Forum Moderators: open

Message Too Old, No Replies

Robot.txt

Only allow one bot

         

chris_f

8:54 am on Apr 23, 2002 (gmt 0)

WebmasterWorld Senior Member 10+ Year Member



Hi all,

Is there any easy way to allow only one bot to crawl part of your site.

Example.

Domain.com wants every bot to crawl DirectoryA of their site but only BotB to be able to crawl DirectoryB. How would I go about this?

Thanks.
Chris.

agerhart

1:04 pm on Apr 23, 2002 (gmt 0)

WebmasterWorld Senior Member 10+ Year Member



I believe it would go like this:

# (Alta Vista)
User-agent: Scooter
Disallow: Direcory B

# (Google) (bot B)
User-agent: Googlebot

If you want a spider or bot to only have access to one directory, disallow the others from that directory.

Stickymail me for a live example.

Doofus

4:52 pm on Apr 23, 2002 (gmt 0)



> Is there any easy way to allow only one bot to crawl part of your site.

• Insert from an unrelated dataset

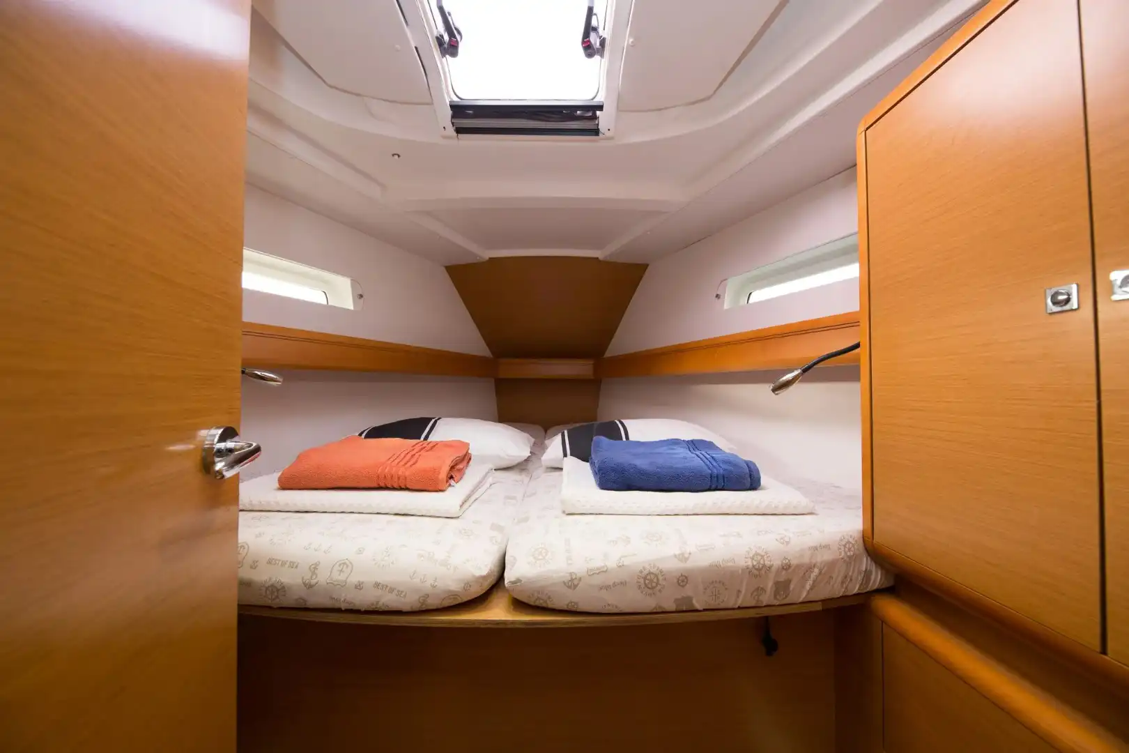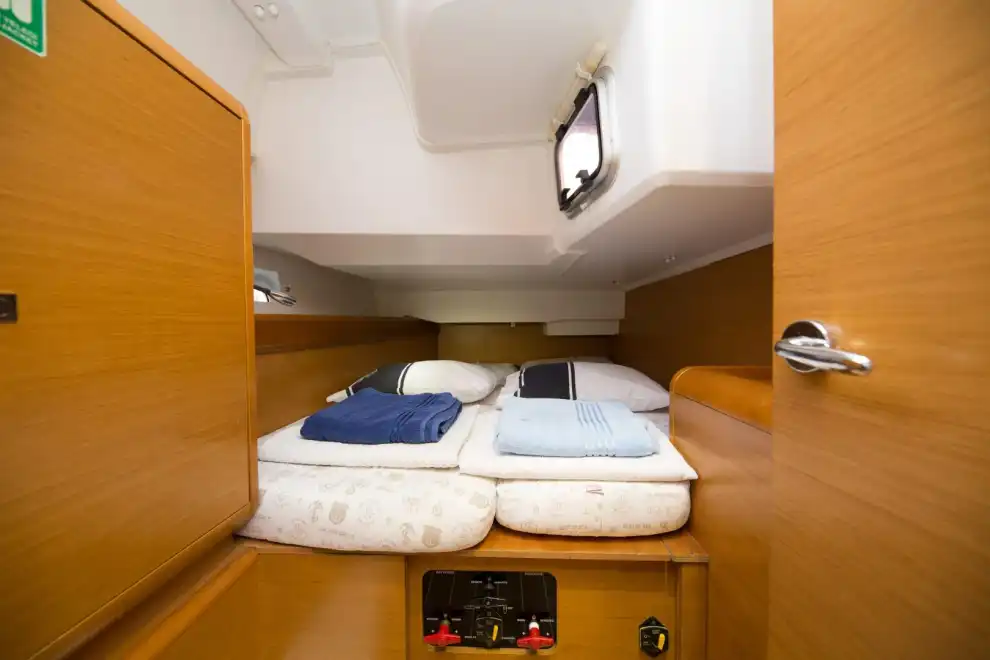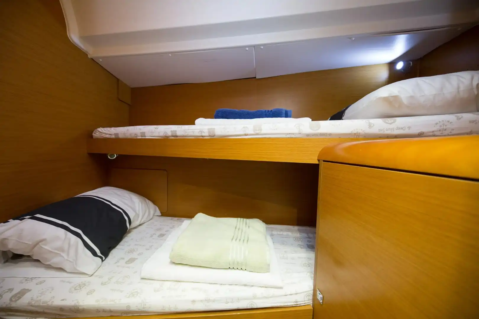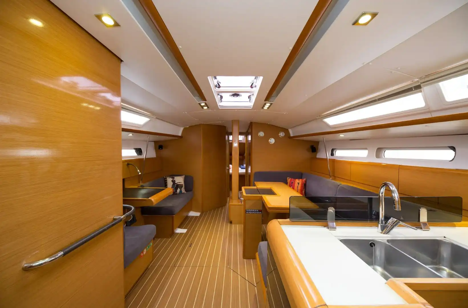 Toplam 4 kabin, 2 banyo ve akıllıca planlanmış yaşam alanları sayesinde Toya, 9 kişiye kadar konaklama ve seyir kapasitesi sağlar. Geniş iç hacmi, fonksiyonel mutfağı ve ferah kokpiti ile uzun süreli Fethiye mavi tur rotaları için yüksek konfor sunar. Jeanneau kalitesiyle üretilmiş olan Sun Odyssey 439, hem deneyimli yelkenciler hem de keyif odaklı tatilciler için dengeli bir performans sağlar.
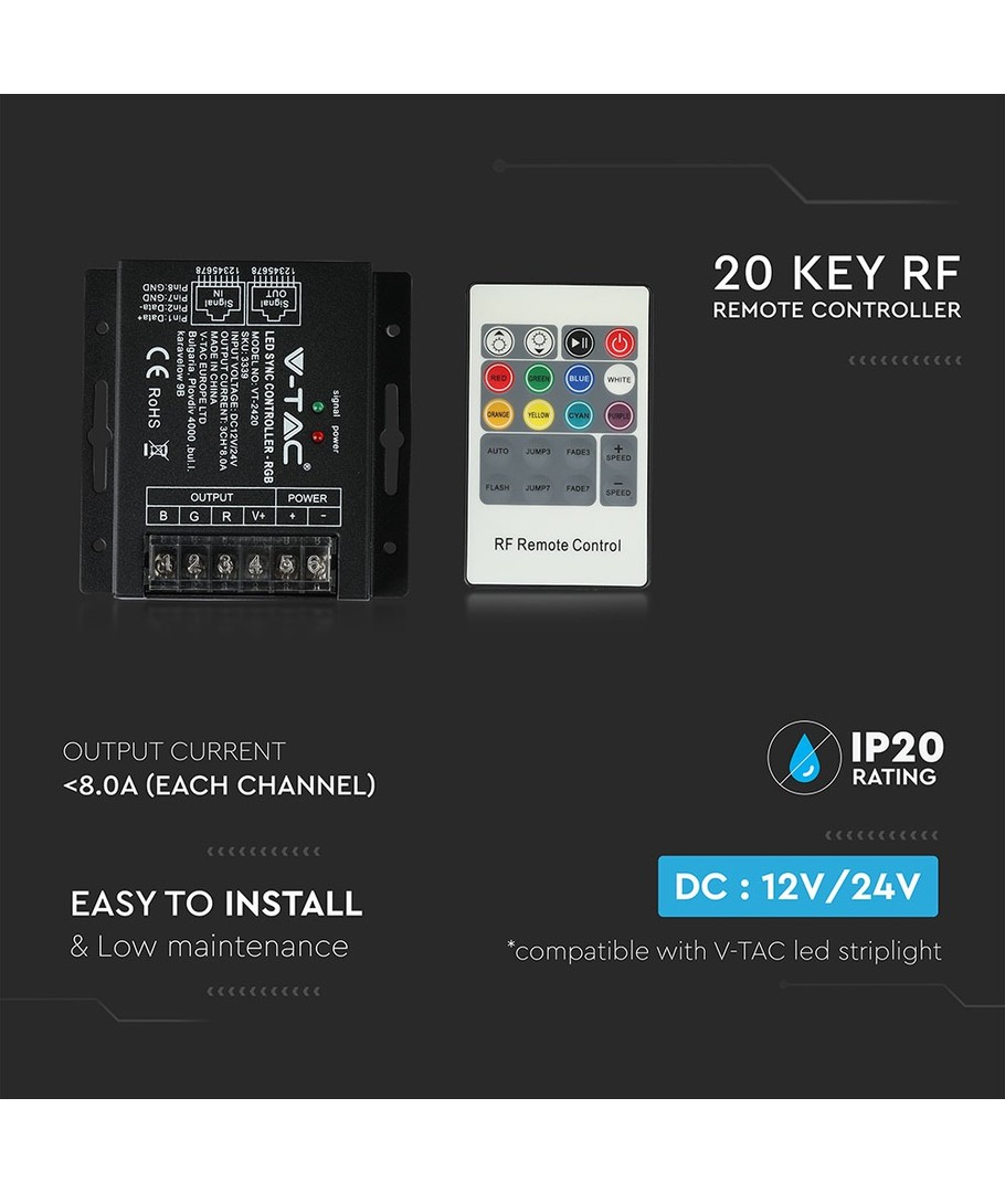 288W LED RGB Controller med 20 taster RF fjernkontroll gir deg enkel styring over dine LED-lysstriper.

Easy, yes. Foolproof, no. Your example shows the limitations of robots.txt (be sure you don't call it "robot.txt").

I'd recommend this:

User-agent: BotB
Disallow: [nothing after the disallow]

User-agent: *
Disallow: /DirectoryB/

The bots are supposed to take the first User-agent that applies. BotB should take the first two lines as definitive and not look further. Having nothing after the Disallow: is supposed to mean that everything is permitted.

All other bots would fall through the first two lines and get disallowed.

The real question is whether BotB will interpret the Disallow: with nothing after it in the manner you want. You run the risk that BotB will equate "nothing" with a single slash, and go away entirely. If you use this, you have to watch closely to make sure this isn't happening.